GIVEN RECORDS Block Start
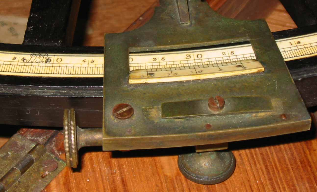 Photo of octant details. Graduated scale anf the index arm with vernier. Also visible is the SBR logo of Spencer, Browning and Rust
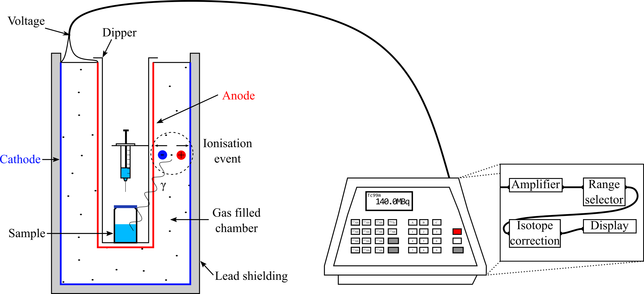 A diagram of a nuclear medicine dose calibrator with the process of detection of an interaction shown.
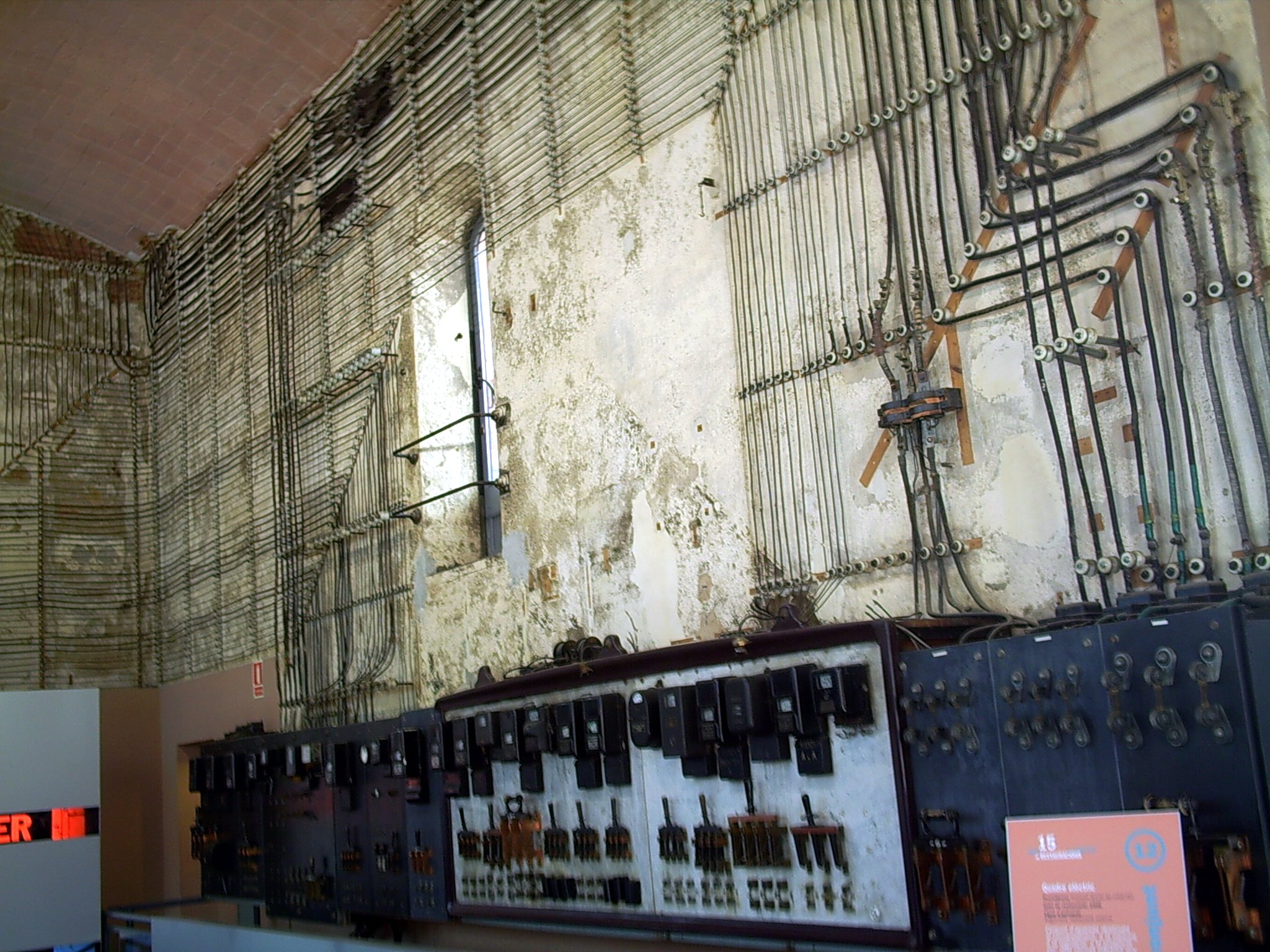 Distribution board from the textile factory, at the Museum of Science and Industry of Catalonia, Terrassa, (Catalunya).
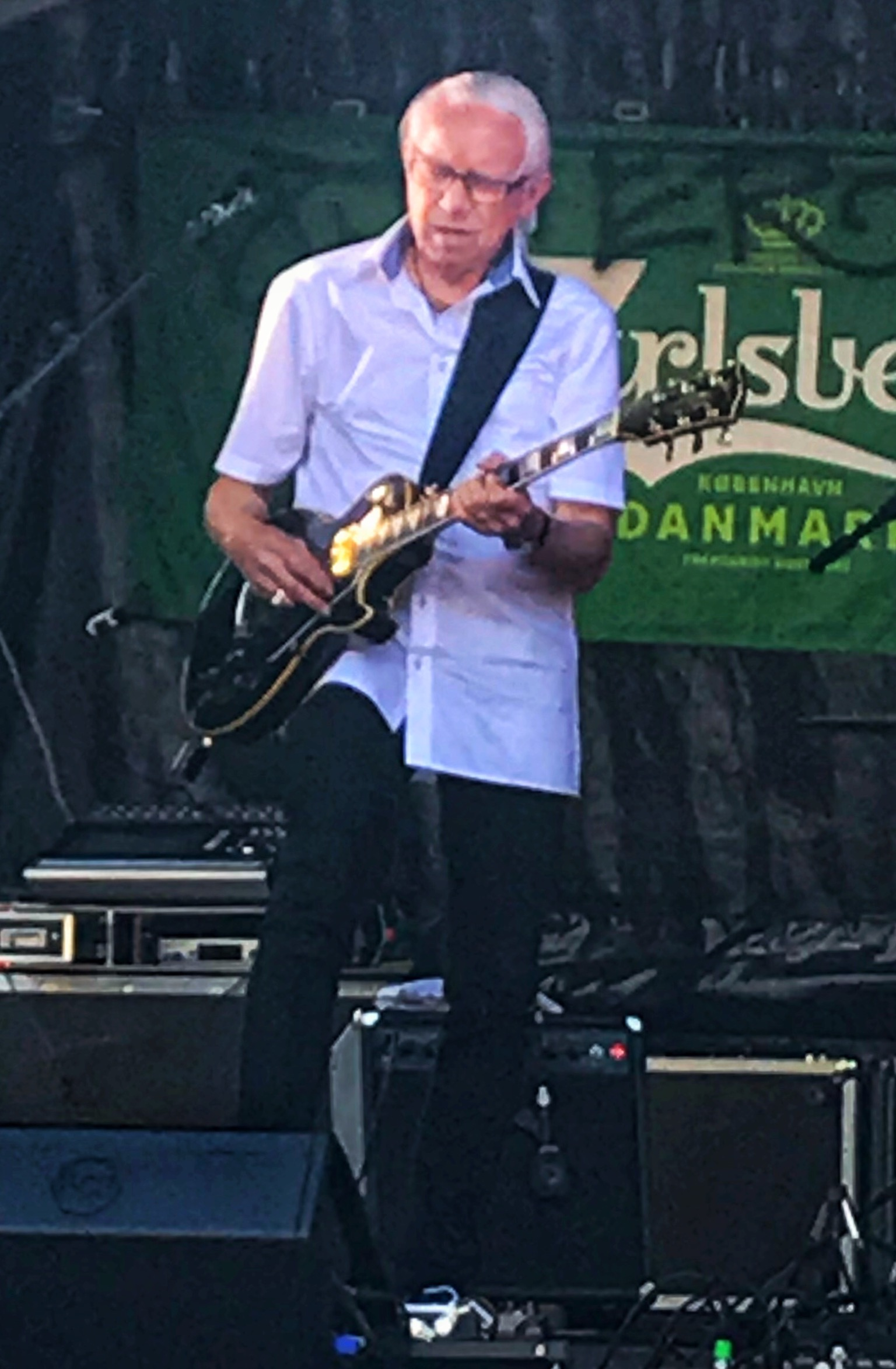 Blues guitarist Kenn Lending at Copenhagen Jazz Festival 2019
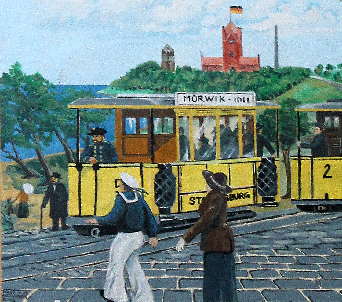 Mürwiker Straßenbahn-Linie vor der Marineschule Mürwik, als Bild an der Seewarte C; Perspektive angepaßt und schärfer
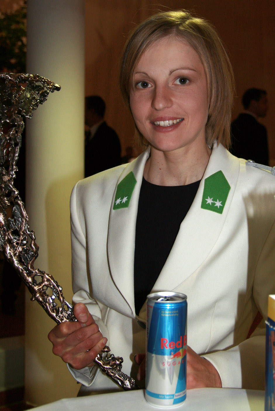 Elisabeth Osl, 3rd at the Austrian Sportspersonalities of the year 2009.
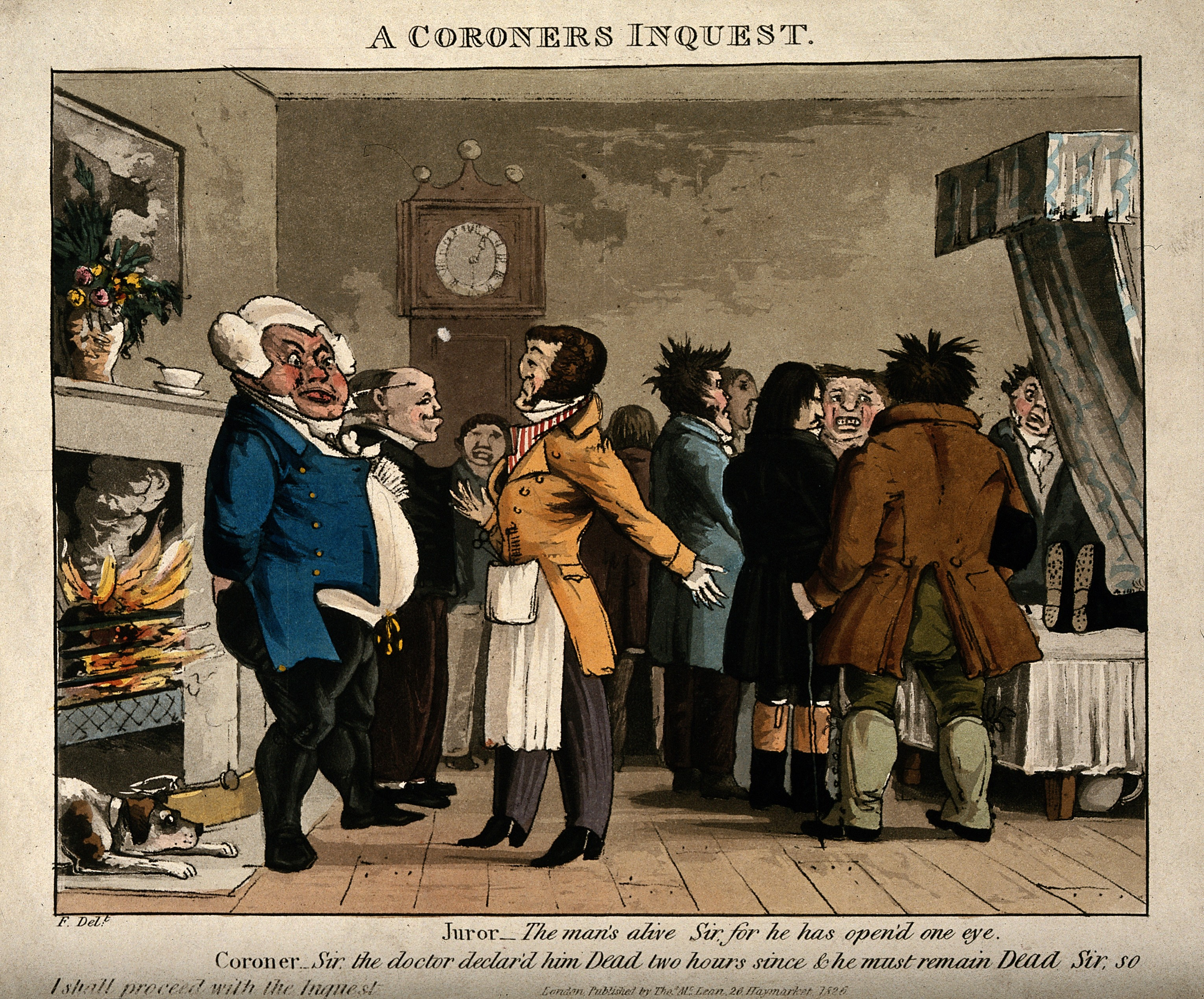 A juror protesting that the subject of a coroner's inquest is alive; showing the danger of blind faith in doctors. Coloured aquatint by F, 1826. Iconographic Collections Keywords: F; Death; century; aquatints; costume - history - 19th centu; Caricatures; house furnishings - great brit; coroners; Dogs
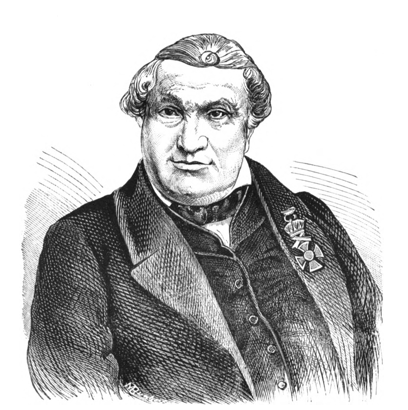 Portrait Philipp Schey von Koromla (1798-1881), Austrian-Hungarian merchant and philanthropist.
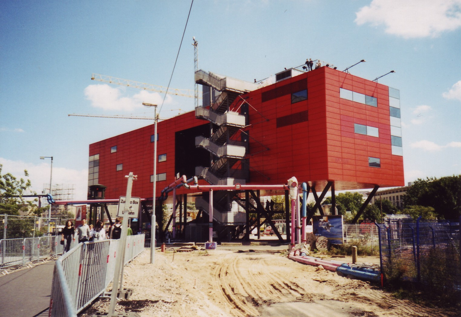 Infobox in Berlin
GIVEN RECORDS Block End
=== WORK ORDER ===
Every line from the one containing "Blues guitarist Kenn" through the end of the entries above is to be copied exactly; pictures are to be left out.

=== WORKED SOLUTION ===
 Blues guitarist Kenn Lending at Copenhagen Jazz Festival 2019
 Mürwiker Straßenbahn-Linie vor der Marineschule Mürwik, als Bild an der Seewarte C; Perspektive angepaßt und schärfer
 Elisabeth Osl, 3rd at the Austrian Sportspersonalities of the year 2009.
 A juror protesting that the subject of a coroner's inquest is alive; showing the danger of blind faith in doctors. Coloured aquatint by F, 1826. Iconographic Collections Keywords: F; Death; century; aquatints; costume - history - 19th centu; Caricatures; house furnishings - great brit; coroners; Dogs
 Portrait Philipp Schey von Koromla (1798-1881), Austrian-Hungarian merchant and philanthropist.
 Infobox in Berlin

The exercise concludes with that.